## [Brief]
Output each record in full, exactly as it stands.

Provided information Block Start

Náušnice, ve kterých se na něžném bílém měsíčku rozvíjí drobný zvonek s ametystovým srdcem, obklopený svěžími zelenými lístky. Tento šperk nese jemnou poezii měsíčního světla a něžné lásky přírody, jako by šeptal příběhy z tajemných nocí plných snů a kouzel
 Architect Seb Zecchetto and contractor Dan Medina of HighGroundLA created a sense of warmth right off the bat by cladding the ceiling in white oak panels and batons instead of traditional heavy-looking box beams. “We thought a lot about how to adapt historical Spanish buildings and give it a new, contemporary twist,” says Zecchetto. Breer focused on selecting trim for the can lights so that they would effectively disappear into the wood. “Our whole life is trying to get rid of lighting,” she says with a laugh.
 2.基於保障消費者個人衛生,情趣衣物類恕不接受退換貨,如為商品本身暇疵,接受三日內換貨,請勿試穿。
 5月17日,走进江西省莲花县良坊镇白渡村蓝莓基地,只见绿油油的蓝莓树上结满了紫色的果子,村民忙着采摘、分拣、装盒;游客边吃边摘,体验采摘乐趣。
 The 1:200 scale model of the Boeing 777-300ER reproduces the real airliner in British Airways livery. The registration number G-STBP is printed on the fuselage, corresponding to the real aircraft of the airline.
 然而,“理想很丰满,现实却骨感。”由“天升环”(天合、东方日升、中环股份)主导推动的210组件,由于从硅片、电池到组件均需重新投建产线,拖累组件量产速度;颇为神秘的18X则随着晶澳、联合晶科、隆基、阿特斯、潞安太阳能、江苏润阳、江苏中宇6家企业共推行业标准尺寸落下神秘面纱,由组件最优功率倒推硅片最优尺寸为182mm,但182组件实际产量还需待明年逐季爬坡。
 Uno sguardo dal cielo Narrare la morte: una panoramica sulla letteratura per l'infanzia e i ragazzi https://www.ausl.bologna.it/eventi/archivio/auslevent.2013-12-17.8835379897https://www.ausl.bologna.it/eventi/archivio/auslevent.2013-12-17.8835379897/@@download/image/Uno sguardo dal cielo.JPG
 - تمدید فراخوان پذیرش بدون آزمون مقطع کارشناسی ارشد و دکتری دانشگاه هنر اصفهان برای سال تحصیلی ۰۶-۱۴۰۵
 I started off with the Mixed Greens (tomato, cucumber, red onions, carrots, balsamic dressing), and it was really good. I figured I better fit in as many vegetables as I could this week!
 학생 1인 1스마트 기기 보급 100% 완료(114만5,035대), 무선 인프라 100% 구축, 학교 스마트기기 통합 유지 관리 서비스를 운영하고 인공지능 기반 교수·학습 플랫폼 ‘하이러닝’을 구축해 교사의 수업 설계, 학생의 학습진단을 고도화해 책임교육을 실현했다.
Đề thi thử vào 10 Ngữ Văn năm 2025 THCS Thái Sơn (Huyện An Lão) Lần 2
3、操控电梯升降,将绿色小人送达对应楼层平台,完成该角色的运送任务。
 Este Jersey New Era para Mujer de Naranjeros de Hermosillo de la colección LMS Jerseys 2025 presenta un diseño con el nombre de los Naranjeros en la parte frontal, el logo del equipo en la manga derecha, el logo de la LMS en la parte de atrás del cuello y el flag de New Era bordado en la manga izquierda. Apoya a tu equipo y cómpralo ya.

Provided information Block End

## [Response area]
Náušnice, ve kterých se na něžném bílém měsíčku rozvíjí drobný zvonek s ametystovým srdcem, obklopený svěžími zelenými lístky. Tento šperk nese jemnou poezii měsíčního světla a něžné lásky přírody, jako by šeptal příběhy z tajemných nocí plných snů a kouzel
 Architect Seb Zecchetto and contractor Dan Medina of HighGroundLA created a sense of warmth right off the bat by cladding the ceiling in white oak panels and batons instead of traditional heavy-looking box beams. “We thought a lot about how to adapt historical Spanish buildings and give it a new, contemporary twist,” says Zecchetto. Breer focused on selecting trim for the can lights so that they would effectively disappear into the wood. “Our whole life is trying to get rid of lighting,” she says with a laugh.
 2.基於保障消費者個人衛生,情趣衣物類恕不接受退換貨,如為商品本身暇疵,接受三日內換貨,請勿試穿。
 5月17日,走进江西省莲花县良坊镇白渡村蓝莓基地,只见绿油油的蓝莓树上结满了紫色的果子,村民忙着采摘、分拣、装盒;游客边吃边摘,体验采摘乐趣。
 The 1:200 scale model of the Boeing 777-300ER reproduces the real airliner in British Airways livery. The registration number G-STBP is printed on the fuselage, corresponding to the real aircraft of the airline.
 然而,“理想很丰满,现实却骨感。”由“天升环”(天合、东方日升、中环股份)主导推动的210组件,由于从硅片、电池到组件均需重新投建产线,拖累组件量产速度;颇为神秘的18X则随着晶澳、联合晶科、隆基、阿特斯、潞安太阳能、江苏润阳、江苏中宇6家企业共推行业标准尺寸落下神秘面纱,由组件最优功率倒推硅片最优尺寸为182mm,但182组件实际产量还需待明年逐季爬坡。
 Uno sguardo dal cielo Narrare la morte: una panoramica sulla letteratura per l'infanzia e i ragazzi https://www.ausl.bologna.it/eventi/archivio/auslevent.2013-12-17.8835379897https://www.ausl.bologna.it/eventi/archivio/auslevent.2013-12-17.8835379897/@@download/image/Uno sguardo dal cielo.JPG
 - تمدید فراخوان پذیرش بدون آزمون مقطع کارشناسی ارشد و دکتری دانشگاه هنر اصفهان برای سال تحصیلی ۰۶-۱۴۰۵
 I started off with the Mixed Greens (tomato, cucumber, red onions, carrots, balsamic dressing), and it was really good. I figured I better fit in as many vegetables as I could this week!
 학생 1인 1스마트 기기 보급 100% 완료(114만5,035대), 무선 인프라 100% 구축, 학교 스마트기기 통합 유지 관리 서비스를 운영하고 인공지능 기반 교수·학습 플랫폼 ‘하이러닝’을 구축해 교사의 수업 설계, 학생의 학습진단을 고도화해 책임교육을 실현했다.
Đề thi thử vào 10 Ngữ Văn năm 2025 THCS Thái Sơn (Huyện An Lão) Lần 2
3、操控电梯升降,将绿色小人送达对应楼层平台,完成该角色的运送任务。
 Este Jersey New Era para Mujer de Naranjeros de Hermosillo de la colección LMS Jerseys 2025 presenta un diseño con el nombre de los Naranjeros en la parte frontal, el logo del equipo en la manga derecha, el logo de la LMS en la parte de atrás del cuello y el flag de New Era bordado en la manga izquierda. Apoya a tu equipo y cómpralo ya.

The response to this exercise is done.